Error in `_reshape_data_ohe`
Closed this issue · 2 comments
tommylees112 commented
Haven't had time to fully investigate:
(ml) ➜ h2ox-ai git:(main) ipython --pdb tests/test_dataset.py
2022-02-09 14:22:45.766 | INFO | h2ox.ai.dataset.dataset:engineer_arrays:199 - soft data transforms - maybe normalise
2022-02-09 14:22:46.060 | INFO | h2ox.ai.dataset.dataset:engineer_arrays:205 - soft data transforms - validate datetimes
2022-02-09 14:22:57.748 | INFO | h2ox.ai.dataset.dataset:engineer_arrays:208 - soft data transforms - interpolate_1d
2022-02-09 14:22:58.371 | INFO | h2ox.ai.dataset.dataset:engineer_arrays:214 - soft data transforms - reshape with one-hot-encoding
---------------------------------------------------------------------------
KeyError Traceback (most recent call last)
~/github/h2ox/h2ox-ai/tests/test_dataset.py in <module>
39 ds = create_dummy_data()
40
---> 41 data = FcastDataset(
42 ds,
43 **cfg["dataset_parameters"],
~/github/h2ox/h2ox-ai/h2ox/ai/dataset/dataset.py in __init__(self, data, select_sites, historical_seq_len, forecast_horizon, future_horizon, target_var, historic_variables, forecast_variables, future_variables, max_consecutive_nan, ohe_or_multi, normalise, time_dim, horizon_dim, **kwargs)
64
65 # turn the data into a dictionary for model input
---> 66 self.engineer_arrays(data)
67
68 def __len__(self) -> int:
~/github/h2ox/h2ox-ai/h2ox/ai/dataset/dataset.py in engineer_arrays(self, data)

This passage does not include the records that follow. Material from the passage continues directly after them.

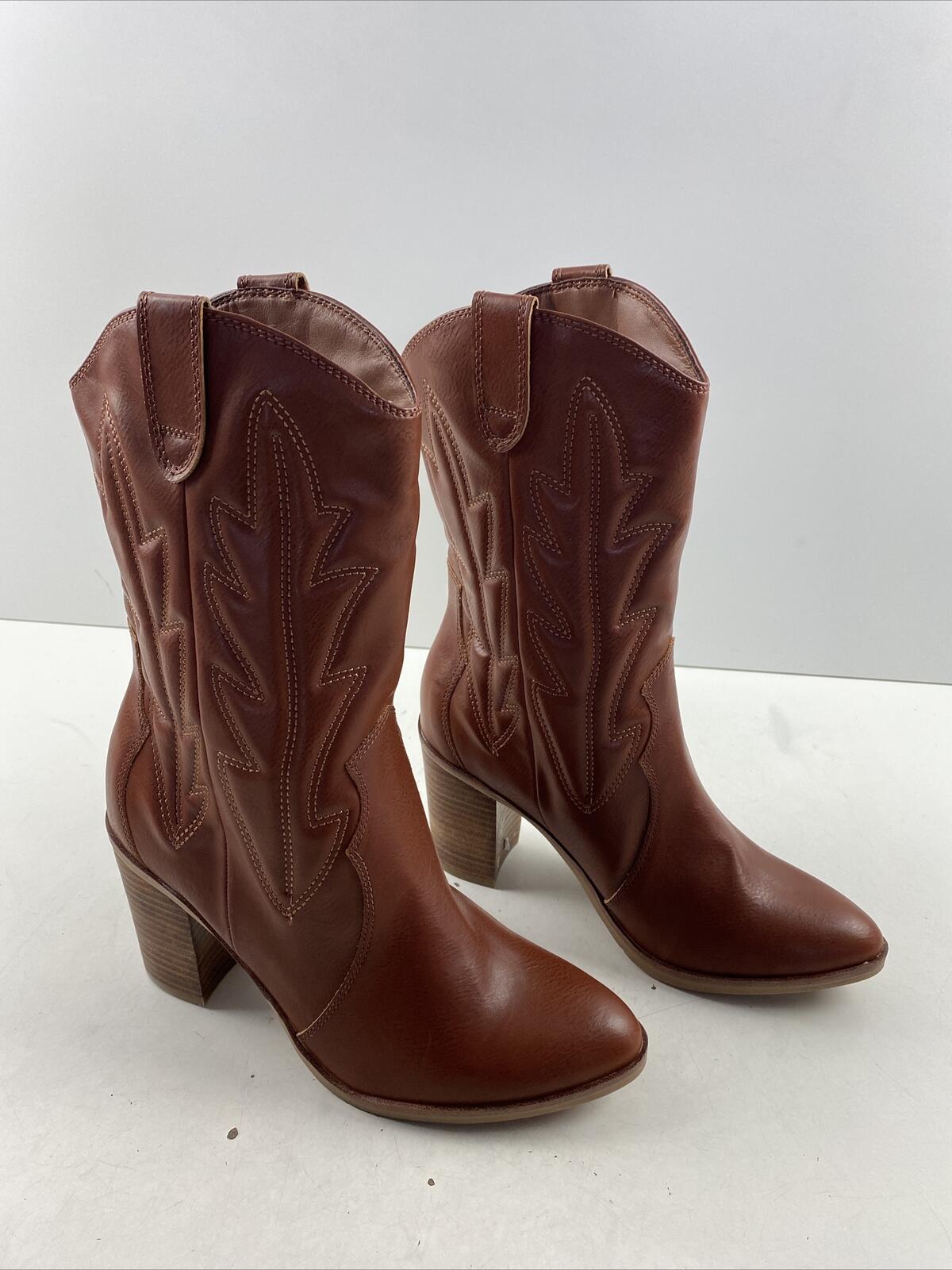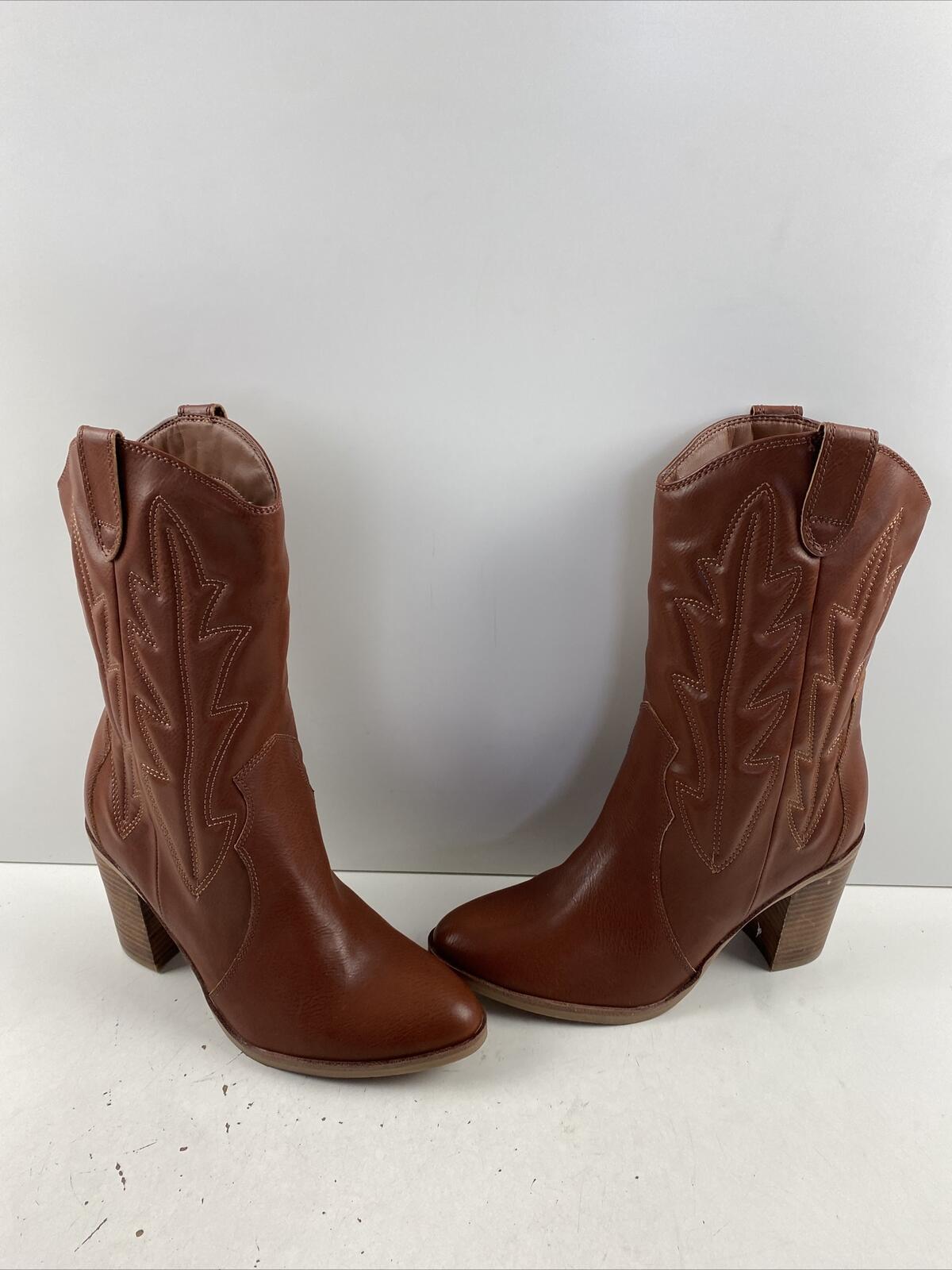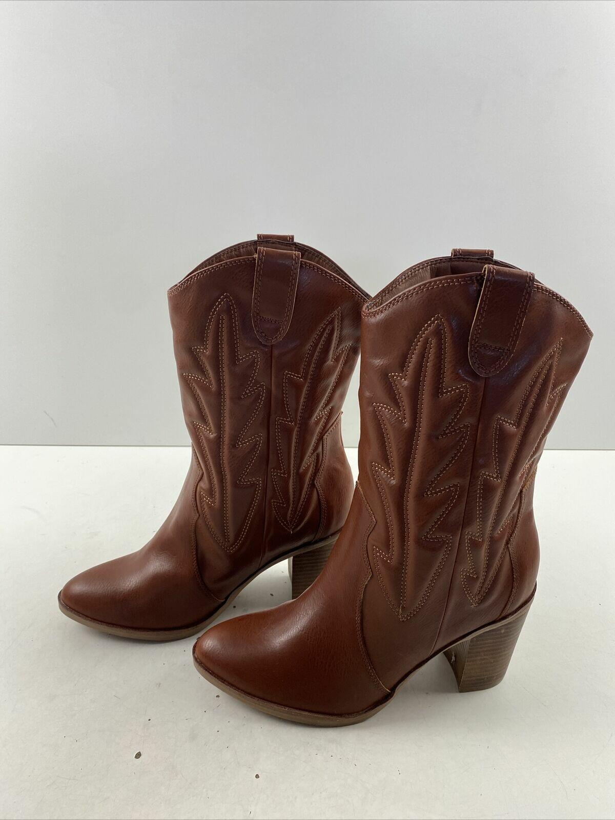 MIA ‘RAYLIN’ Brown Faux Leather Round Toe Pull On Block Heel Boots Women’s 7.5 M - Ufashion
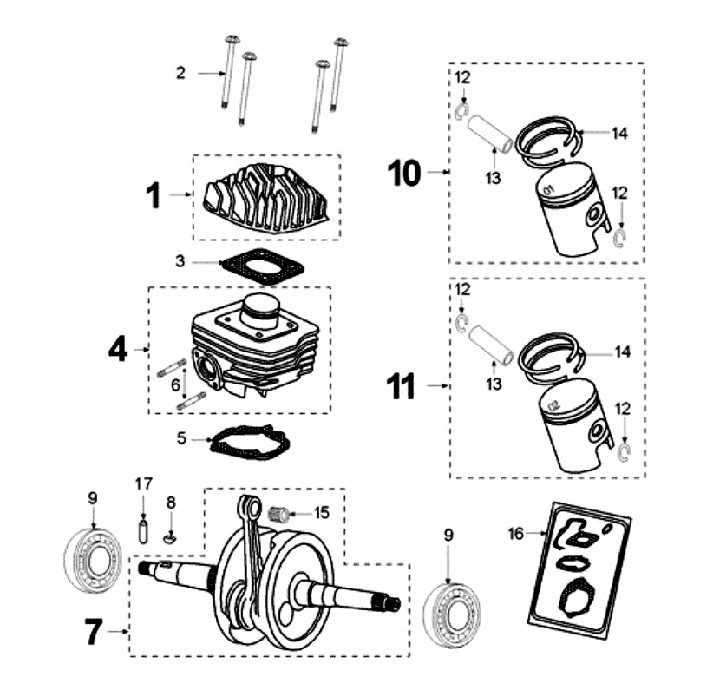 Set guarnizioni motore -RMS- Peugeot 50 cc AC (verticale) - SPEEDFIGHT1 50 cc AC, SPEEDFIGHT2 50 cc AC, TKR50, TREKKER50, VIVACITY50, ELYSEO50, SQUAB50, SV50, ZENITH50, BUXY50, ELYSTAR50, LOOXOR50, SPEEDAKE
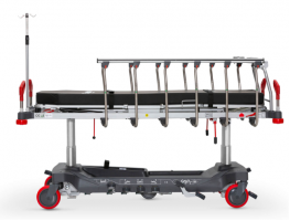 • Оснащен боковыми рейками с вертикальным подъемом и опусканием. Длина боковых опор составляет 2/3 общей длины рамы. Боковые опоры расположены так, чтобы голова пациента оставалась открытой от боковых опор (ближе к ногам). Боковые опоры, опущенные под матрас, обеспечивают неограниченный доступ к пациенту.
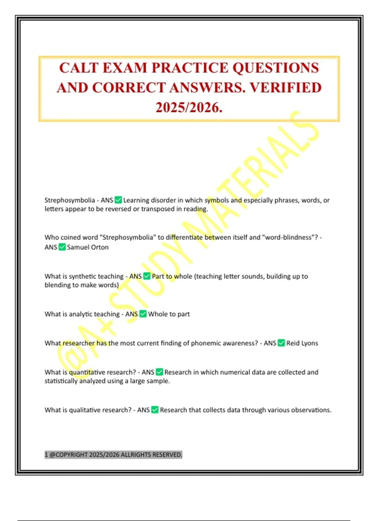 CALT EXAM PRACTICE QUESTIONS
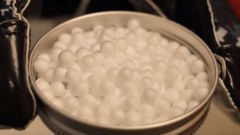 ชายคนหนึ่งนำเม็ดขาวๆกลมๆ มาโชว์ แต่ใครจะไปเชื่อ กินเม็ดเดียวอิ่มได้ทั้งวัน
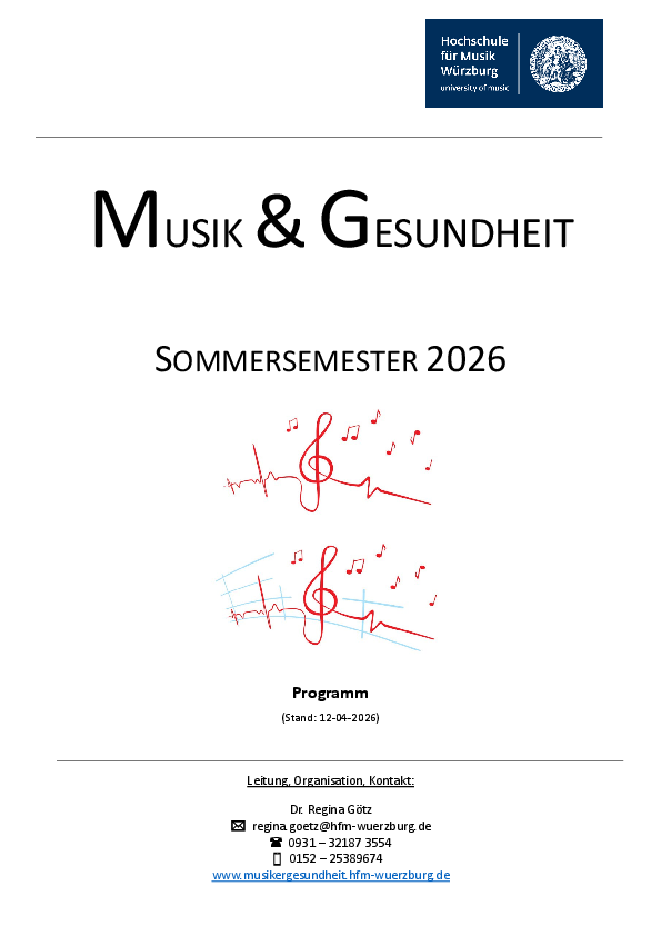- der Sensibilisierung der Studierenden für die gesundheitlichen Aspekte von Instrumentalspiel und Gesang
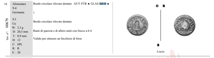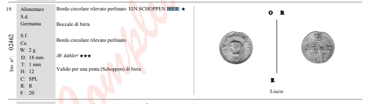 Gettone tedesco della birreria Kempff di Francoforte sul Meno
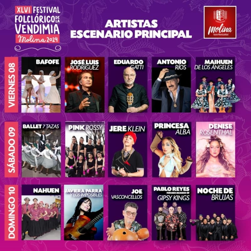 Puedes puedes ver al final de esta nota la programación con los artistas por día del Festival Folclórico de la Vendimia de Molina 2024.
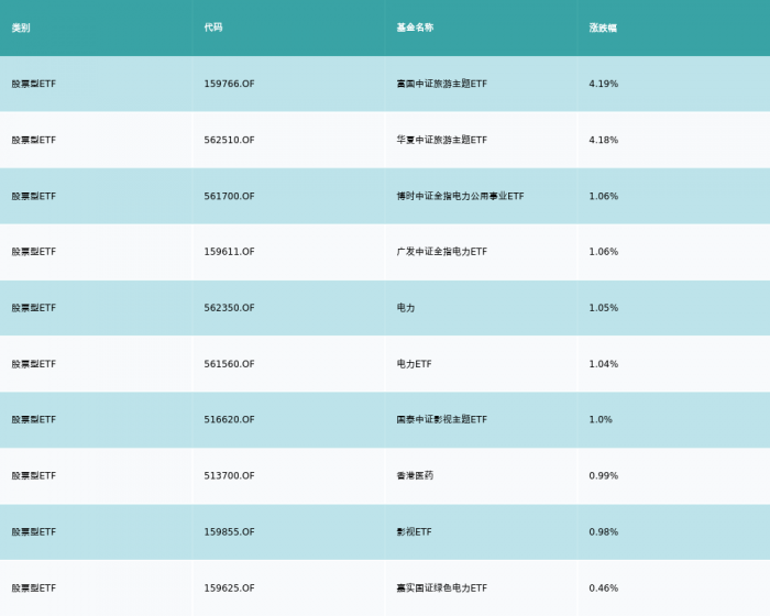 昨日股票型ETF涨幅最高的3支ETF及其收益率分别为:富国中证旅游主题ETF(4.19%)、华夏中证旅游主题ETF(4.18%)、博时中证全指电力公用事业ETF(1.06%)。涨幅前10详情见下表:
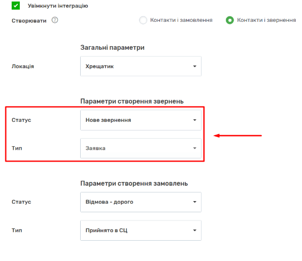 5. У розділі “Параметри створення звернень” або “Параметри створення замовлень” налаштуйте статус і тип відповідно звернень або замовлень.
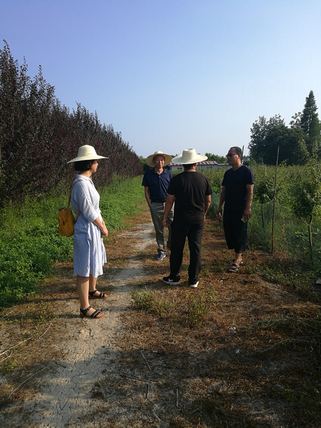 徐俊杰一行来到固始县南大桥乡瑞达种植专业合作社,合作社面积820余亩,年销售额600余万元,通过土地流转入股分红、吸纳贫困户务工等方式,带动周边贫困户增收,为脱贫攻坚工作做出了贡献。在合作社负责人李卫东的带领下,四位老师深入合作社园区,分别对园区种植的红叶李、五角枫等园林苗木以及林下种植、养殖在生产中遇到的问题给予了现场指导,在夏季肥水管理、病虫害绿色防控技术等方面提出诸多合理化建议。
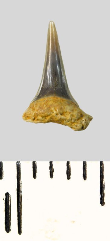 Зуб. Акула. Eostriatolamia subulata (Agassiz, 1843). Классификация: Хордовые Chordata, Позвоночные Vertebrata, Хрящевые рыбы Chondrichthyes, Пластиножаберные Elasmobranchii, Акулы Selachii, Ламнообразные Lamniformes, Песчаные акулы Odontaspididae
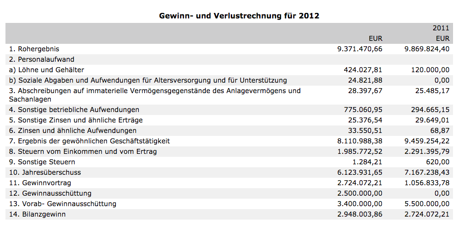 Gewinn- und Verlustrechnung von 2012 der Digital Assets GmbH (Screenshot: bundesanzeiger.de)
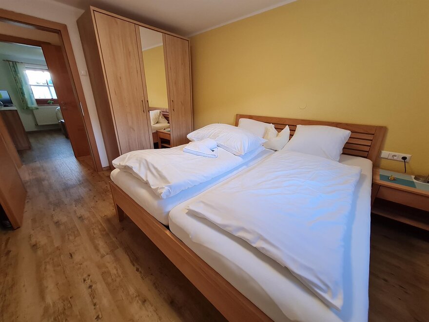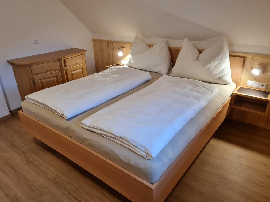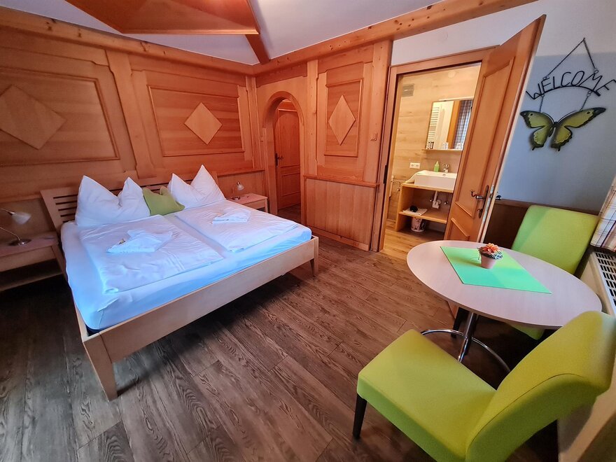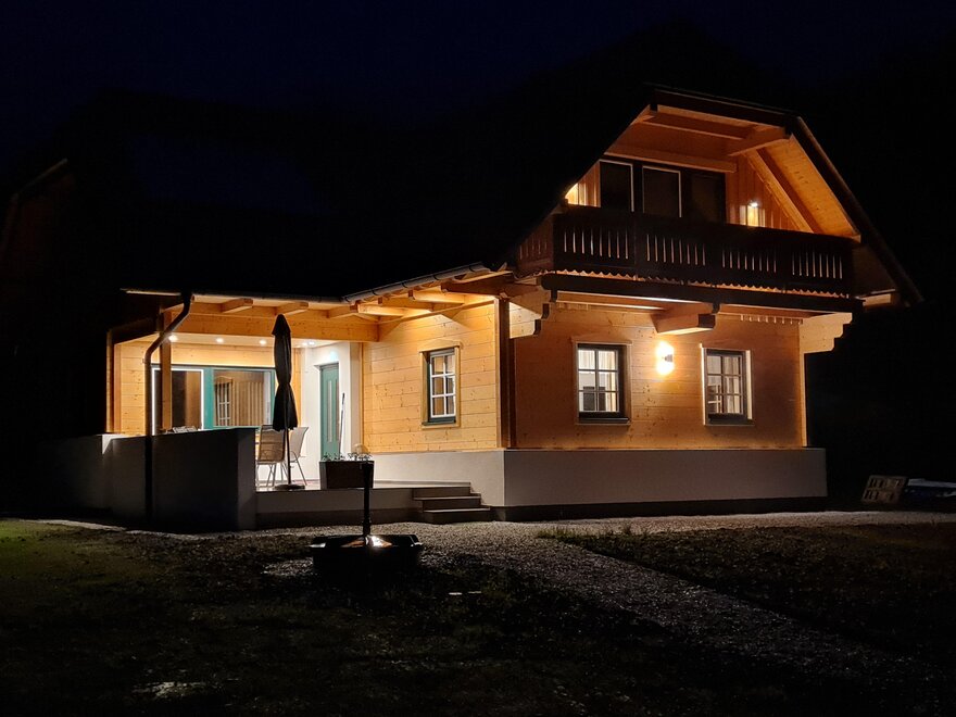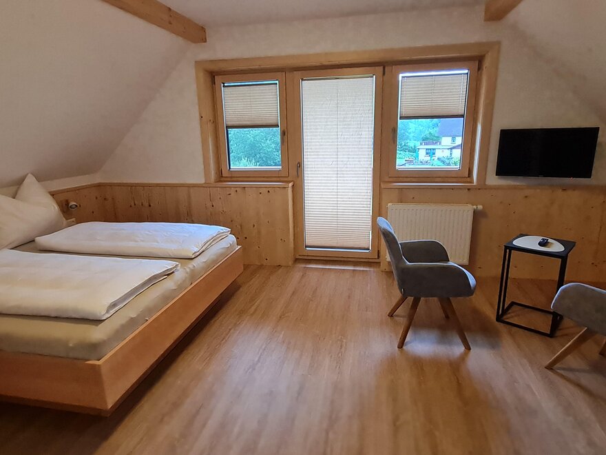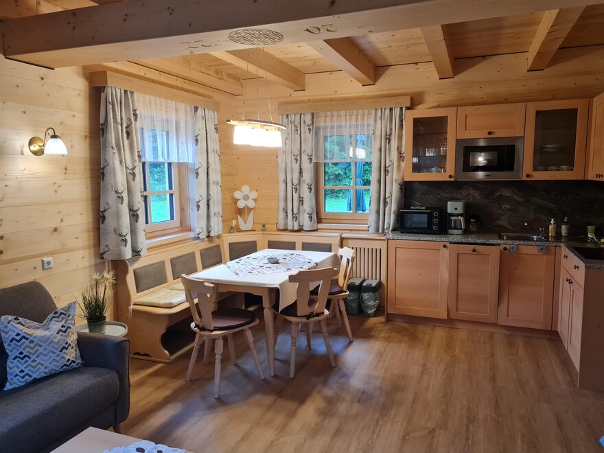 Our romantic log houses (82 sqm) have a living room with SAT-TV, kitchen, two romantic double rooms with balcony, bathroom with

213 elif self.ohe_or_multi == "ohe":
214 logger.info("soft data transforms - reshape with one-hot-encoding")
--> 215 historic, forecast, future, targets = self._reshape_data_ohe(data)
216
217 idx = historic["date-site"].data[np.isin(historic["date"].data, valid_dates)]
~/github/h2ox/h2ox-ai/h2ox/ai/dataset/dataset.py in _reshape_data_ohe(self, data)
161
162 future = self._onehotencode(
--> 163 self._get_future_data(data), "steps"
164 ) # DATES*sites x STEPS x var+ohe
165
~/github/h2ox/h2ox-ai/h2ox/ai/dataset/dataset.py in _get_future_data(self, data)
319
320 return (
--> 321 data[self.future_variables]
322 .to_array()
323 .sel({"steps": future_period})
~/miniconda3/envs/ml/lib/python3.9/site-packages/xarray/core/dataarray.py in sel(self, indexers, method, tolerance, drop, **indexers_kwargs)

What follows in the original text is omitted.